A recent survey by the IIAA and ABA (American Bankers Association) showed that 70% of bankers and 57% insurance agents think they can operate together and profit. Based on the joint operations I have witnessed so far, even more optimism is justified, provided that everyone enters the venture with solid planning and realistic expectations.

Let me share some observations based on two years of experience helping agents and banks come together as joint enterprises or with the agency acquired by the bank.

Agents and bankers alike should be concerned about whether they can come together, create a good solid marketing plan, and then make enough sales so everybody involved can profit. This mutual goal can be attained if the agency and bank meet these criteria:

  1. The bank cannot pay an exorbitant amount to acquire the agency. Banks should have their accountants calculate the ROI/ROE cost and earnings ratio before making the purchase.
  2. The bank and the agency must be absolutely serious about developing a marketing plan. Its implementation demands a 100% effort from both organizations, including all their employees.
  3. Sufficient time must be allowed to generate acceptable levels of sales. It takes time for the cultures of the agency and the bank to blend, generate trust, and produce results.
  4. If the arrangement between the bank and agency is a joint venture or affiliation, the bank's share of the commission must be fair but not excessive, because the agency has higher operating costs after creating higher levels of sales and service to accommodate the partnership.
  5. The equity split between the agency and bank on the customer list must also provide an incentive for the partnership. The participants must understand that they're building a future value in the customer list.

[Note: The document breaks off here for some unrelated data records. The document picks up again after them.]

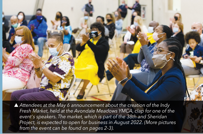
▲ Attendees at the May 6 announcement about the creation of the Indy Fresh Market, held at the Avondale Meadows YMCA, clap for one of the event's speakers. The market, which is part of the 38th and Sheridan Project, is expected to open for business in August 2022. (More pictures from the event can be found on pages 2-3).

► 38TH AND SHERIDAN PROJECT ISSUE 4 | MAY 2021
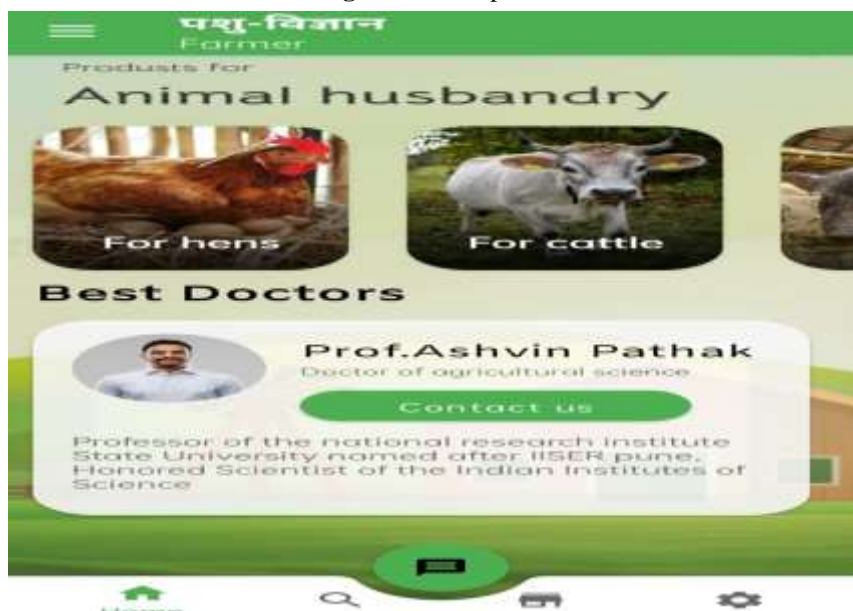
Figure 4.2: Snapshot.
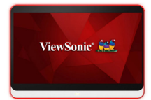
Scheduler and Signage Display EPI0521
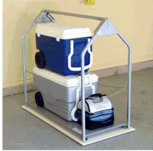
Ice Chests, Coolers

In addition to storage boxes and plastic bins, here are a few of the items you can make disappear like magic and get back just as fast:
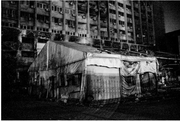
1. © Emine Gozde Sevim
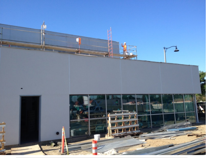
Date: 04/20/16 Rutherford applying final Reflect-it coat to EIFS panels on the upper North elevation.
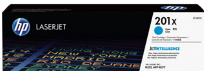
Original HP Toner cartridge with JetIntelligence

Original HP Toner cartridges with JetIntelligence give your business more pages, 3 peak printing performance, and the added protection of anti-fraud technology—something the competition can't match.
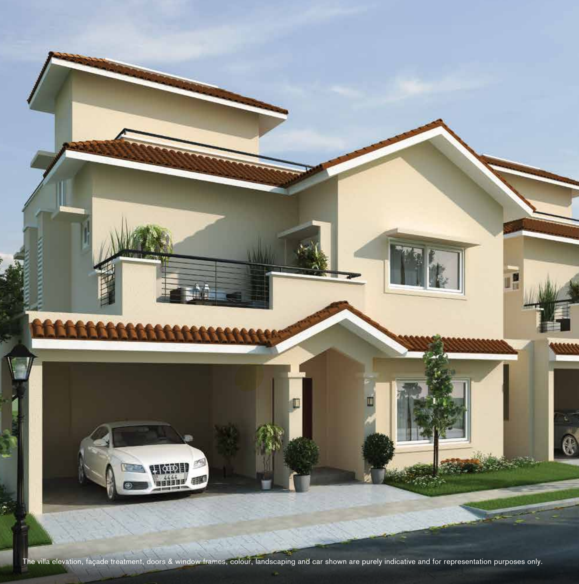
The villa elevation, façade treatment, doors & window frames, colour, landscaping and car shown are purely indicative and for representation purposes only.
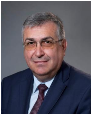
Hon. Georgi Bliznashki (Bulgaria)

The following chart illustrates the possibilities of profitability. Note the correlation between bank services, insurance products, and revenues.

FIVE -YEAR PROPERTY & CASUALTY INSURANCE SALES PROJECTIONS

Bank Service

Insurance Product

Number of Customers

Estimated Penetration

P&C Commission

Life/Health Commission

Home Mortgage Loans

Homeowners

3,500

30%

$70,000

$125,000

Home Equity Loans

Home &Auto

2,100

30%

$60,000

$90,000

Installment Loans

Auto

2,700

30%

$65,000

$30,000

Checking Acct. (Business)

Business Insurance

4,000

20%

$30,000

$175,000

Checking Acct. (Age 50+)

Extended Care

4,000

10%

$120,000

Checking Acct. (Regular)

Home/Auto

17,500

5%

$65,000

$50,000

Business Loan

Business

1,800

20%

$270,000

$525,000

Column Totals

$560,000

$1,115,000

Total Commission

$1,675,000

This chart reveals several interesting facts. First, we have projected only a 5% to 30% penetration, and a five-year time frame in which to produce these results. In addition, this chart relates only to new business sales and therefore does not show the accumulated effect of Property and Casualty renewals.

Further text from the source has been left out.